Bipartisan Senate Bill Quietly Gaining Momentum

3 minute read
by Robert Sheen

A bipartisan Senate bill that would continue cost sharing payments to insurance companies and provide states more flexibility in addressing healthcare issues is quietly gaining momentum.

The U.S. Senate’s Committee on Health, Education, Labor, and Pensions has been keeping its eye on the ball despite the continuing handwringing by President Trump and Congressional Republicans over their failure to repeal and replace the Affordable Care Act (ACA), also known by its nickname, Obamacare.

Since September, the Senate committee has been looking at ways to strike a bipartisan compromise that would continue Cost Sharing Reduction (CSR) payments to insurance companies and provide states greater flexibility in addressing their healthcare challenges. Four days of hearings were held to solicit insights from governors, state insurance officials, insurance companies and healthcare experts.

Senator Lamar Alexander (R-Tenn.), the committee chair, and the Senator Patty Murray (D-Wash.), the Ranking Member of the committee, unveiled the result the committee’s efforts this month.

Their Bipartisan Health Care Stabilization Act provides the following:

A two-year extension of CSR payments to insurance companies providing health insurance policies on government healthcare exchanges. These payments subsidize the cost of co-payments and deductibles for lower-income people.
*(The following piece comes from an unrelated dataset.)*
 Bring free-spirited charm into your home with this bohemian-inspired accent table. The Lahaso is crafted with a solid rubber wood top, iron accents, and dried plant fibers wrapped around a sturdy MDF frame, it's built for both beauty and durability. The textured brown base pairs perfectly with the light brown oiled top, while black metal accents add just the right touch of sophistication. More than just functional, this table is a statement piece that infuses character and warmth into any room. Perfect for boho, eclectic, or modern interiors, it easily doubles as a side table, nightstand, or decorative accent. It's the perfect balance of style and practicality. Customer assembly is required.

Greater flexibility to states in developing solutions to their healthcare challenges by making changes to the ACA’s state innovation waiver process.

Requires many insurers to pay rebates to individuals and the federal government related to premiums in the nongroup health insurance market for 2018. It is estimated that the federal government would receive rebates from insurers totaling about $3.1 billion over the 2018-2027 period.
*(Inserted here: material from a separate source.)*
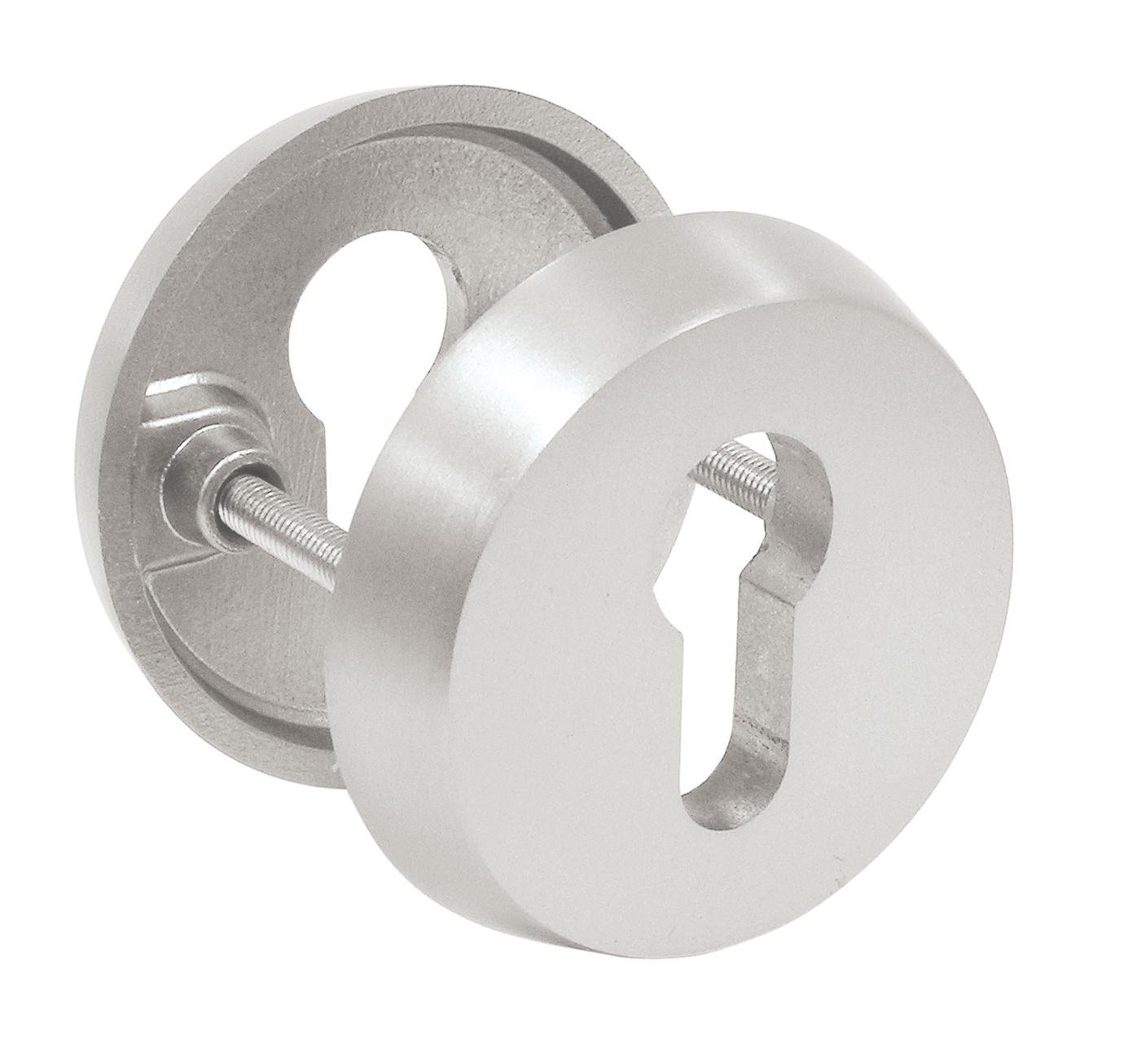 Bezpečnostní kulatá rozeta bez zakrytí válcové vložky je vyrobena z hliníku a má povrchovou úpravu.

Allows anyone in the nongroup market to purchase a catastrophic plan, beginning in 2019.

The U. S. Department of Health and Human Services (HHS) would be required to spend $105.8 million of those existing user fees for outreach and enrollment activities related to the federally-facilitated marketplace for each of plan years 2018 and 2019. That amount is higher than the amount the Administration has previously announced it plans to spend on those activities for the 2018 plan year and restores a good amount of the funding cuts to marketplace outreach and enrollment assistance made by the White House.

The Congressional Budget Office (CBO) has reviewed the proposed legislation, finding as follows:

“On net, CBO and the staff of the Joint Committee on Taxation (JCT) estimate that implementing the legislation would reduce the deficit by $3.8 billion over the 2018-2027 period relative to CBO’s baseline. The agencies estimate that the legislation would not substantially change the number of people with health insurance coverage, on net, compared with that baseline projection. Enacting the legislation would affect direct spending and revenues; therefore, pay-as-you-go procedures apply. CBO and JCT estimate that enacting the legislation would not increase net direct spending or on-budget deficits in any of the four consecutive 10-year periods beginning in 2028.”

The CBO expects that federal costs in 2018 would be higher with funding for CSR payments because premiums for 2018 have already been finalized by insurers. However, the CBO projects that if the legislation passes and the subsidies were paid, insurers would repay $3.1 billion in rebates to individuals and the government, to account for premium hikes originally designed to cover those costs. Premiums in 2019 would be lower with funding for CSR payments than without it, and federal costs would probably be lower as well, the CBO concluded.

A CBO report released in August had said not funding CSR payments would increase the federal deficit by $194 billion through 2026.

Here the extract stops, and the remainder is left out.